Why do you want to replace the panels?

If you are unhappy with the appearance of your fireplace, you would be farther ahead to remove the fireplace you have and install a new fireplace, especially if you want a gas fireplace. The new fireplaces available are far more efficient and often have quite good flame appearances, too.

If you want to go back to a wood fired fireplace, that might argue for staying withy what you have.

In general, there should be a gas fireplace shutoff valve outside the fireplace, often a wall shutoff valve. You can turn the gas off then disconnect and pull out the gas burner.


----------



## injvstice (Oct 30, 2010)

I'm not really looking to "mess around" with the design, the panels are prefab panels which normally come out, they are just held by top clips. Except for the left one which has a gas line punched through.

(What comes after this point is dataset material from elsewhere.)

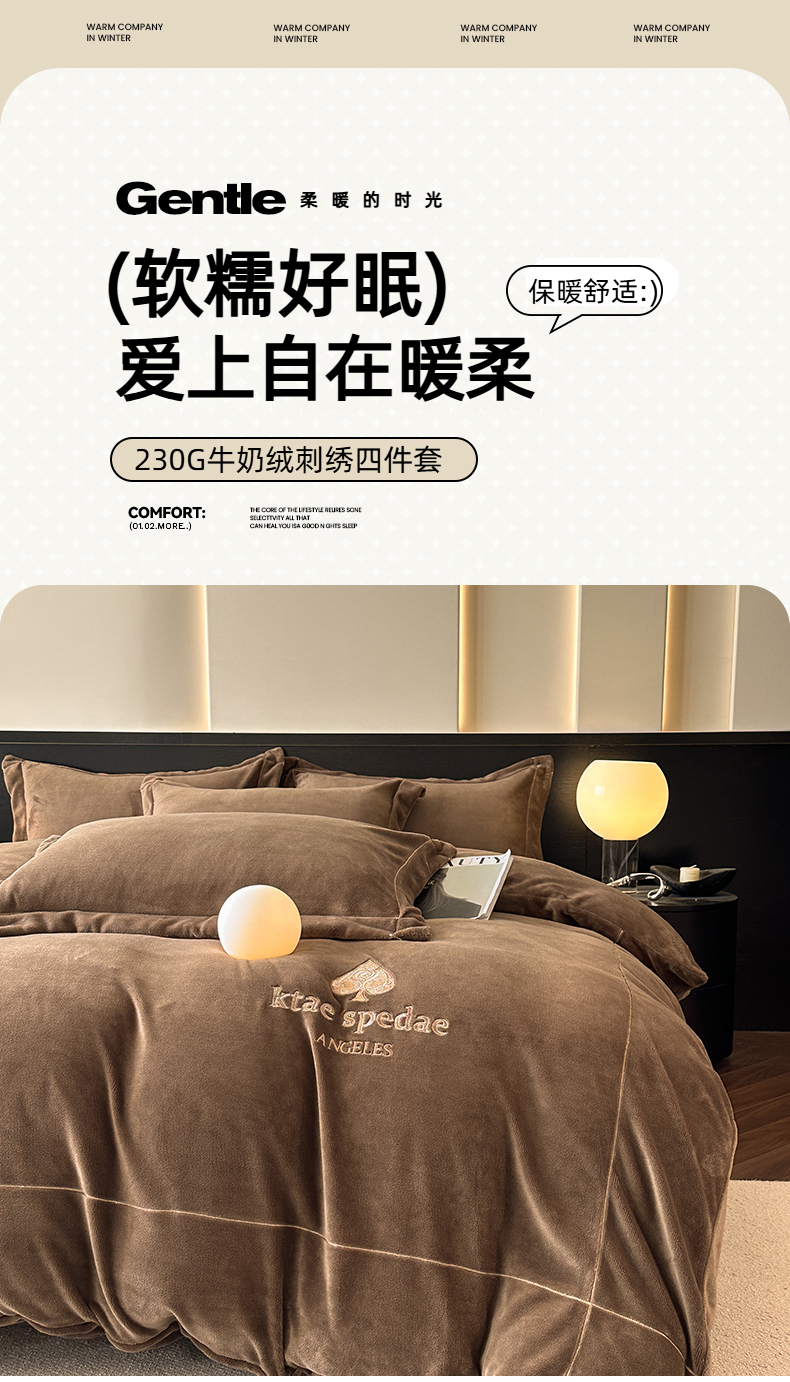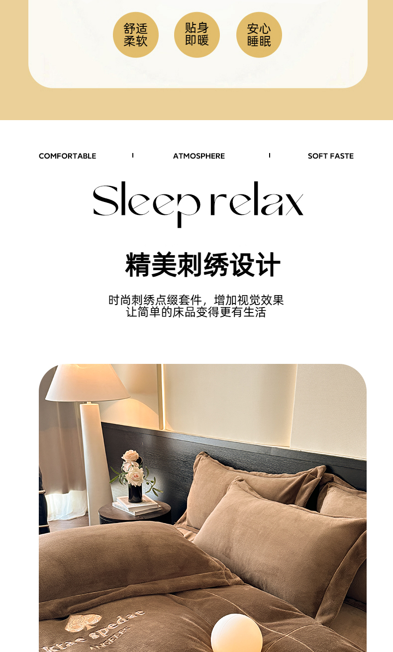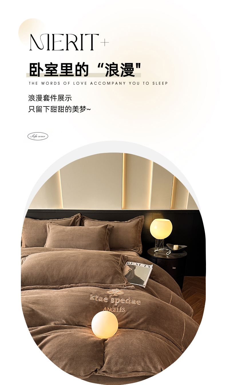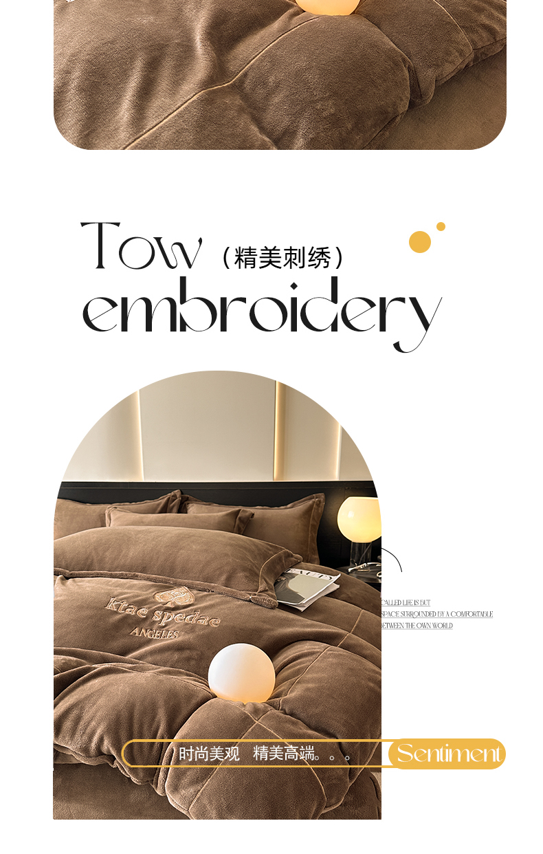 商品名称:狂想家 2025新款刺绣牛奶绒四件套-安琪儿 安琪儿-轻奢咖

The panels have some hairline cracks I'd like to check out better to see if they are just surface cracks. If they are, I am just going to clean them, maybe use some fireplace mortar, repaint them and put them back in. If they need to be replaced, I believe prefab panels can be found assuming I have a fairly commons size.

Even if I were to disconnect the gas line, the grate is still in the way though, at least guessing so by visual inspection.

I do not want to change the fireplace, just to either replace the panels if they are cracked, or clean/repaint if they are not. THe original black paint has burned off, showing the underneath white, which is ugly. Everything else is fine though.


----------